Message-ID: <Pine.NEB.4.58.0311051031110.8261@panix3.panix.com>
From: Alan Sondheim <sondheim@panix.com>
To: Cyb <cybermind@listserv.aol.com>,
"WRYTING-L : Writing and Theory across Disciplines" <WRYTING-L@LISTSERV.UTORONTO.CA>
Subject: Don't listen to me.
Date: Wed, 5 Nov 2003 10:31:21 -0500 (EST)
Don't listen to me. I honestly believe the only truths that exist are discovered by people between the ages of sixteen and twenty-four. After that it's downhill, gone forever, all that teen energy lost in the fabrication of real-life institutions harboring one forever. The adult world destroys insight, theorizes endlessly, corrects and creates imagined wrongs, produces hatreds and bureaucracies, rites and religions. Romeo and Juliet should never have lived into adulthood; they are the first and last philosophers. We learn later on in life to disseminate, dissimulate, hem and haw, build up layers of scar tissue covering our mistakes, as I've said before, we're carved into the semblance of a human being. But the carving is monstrous, the thickness of the tissue - which isn't layered as many popularly believe - is cancerous and filled with harbingers of future death.
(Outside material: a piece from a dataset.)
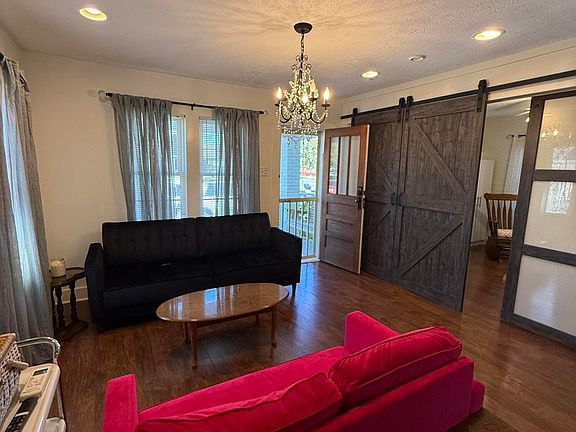 ''Cottage on Main'', except to the perfect little dwelling that is immaculately designed. There are so many special finishes there's not enough room to describe. The great room has smart use of space featuring a living area, dining area and kitchen. Upscale quartz countertop and butcher block countertops in the kitchen. Custom backsplash. You'll love the light fixtures throughout. The barn doors provide privacy leading into the bedrooms suite. There is a dressing area connected to the luxurious bathroom with a soaking tub, TV for lounging in the tub plus a separate custom tile shower. The tile floor in the bathroom is an eye catcher. There is a walk-in closet with stack washer/dryer. Outside you'll be surprised by the large patio and yard area with a privacy fence. Beyond the fence the backyard continues with a detached metal garage plus the bonus of of separate greenhouse for a delightful working space. The big backyard continues with plenty of room for a fire pit or gardening. Additionally there is a second garage that is a drive thru to the backyard. This is a must for someone looking for a move-in ready space that is upscale in design yet SO AFFORDABLE. Located near city pool.

There's no space for breathing, none for proper motion, we take medication only to prolong our misery. The follies of youth are the birth of the world, rock and rap head-bang the difficult meanderings of latter-day classical composers honored for their ripe old age. Contradiction comes only later in life; we're all born into clarity. Trust no one but yourself, preen, move hard against and into the world, write forever. We take your literature, call it stereotyped, sentimental, typical, mean, and turn it into illegible stylings of problematic language, questions that only answer themselves in the ugly dawn of old age. Hormonal fury drives all of us; the rest is substance, paste, obsequiously crawling from one religion or theory to another, desperately hanging on to the presumed final word, or else talking about the journey of life, which should have ended long ago. The elders lure the young into war and other disasters, while decrying gangs which threaten their own territory. Revolution and eternal questioning are the only truths, beaten out of the world, or forgotten, as one hurtles towards the fourth decade of life. Kill the messenger in yourselves; there's nothing more to deliver, not even at warp speed. The internet brings the same old thing; it's already past its prime. Gather elsewhere, go.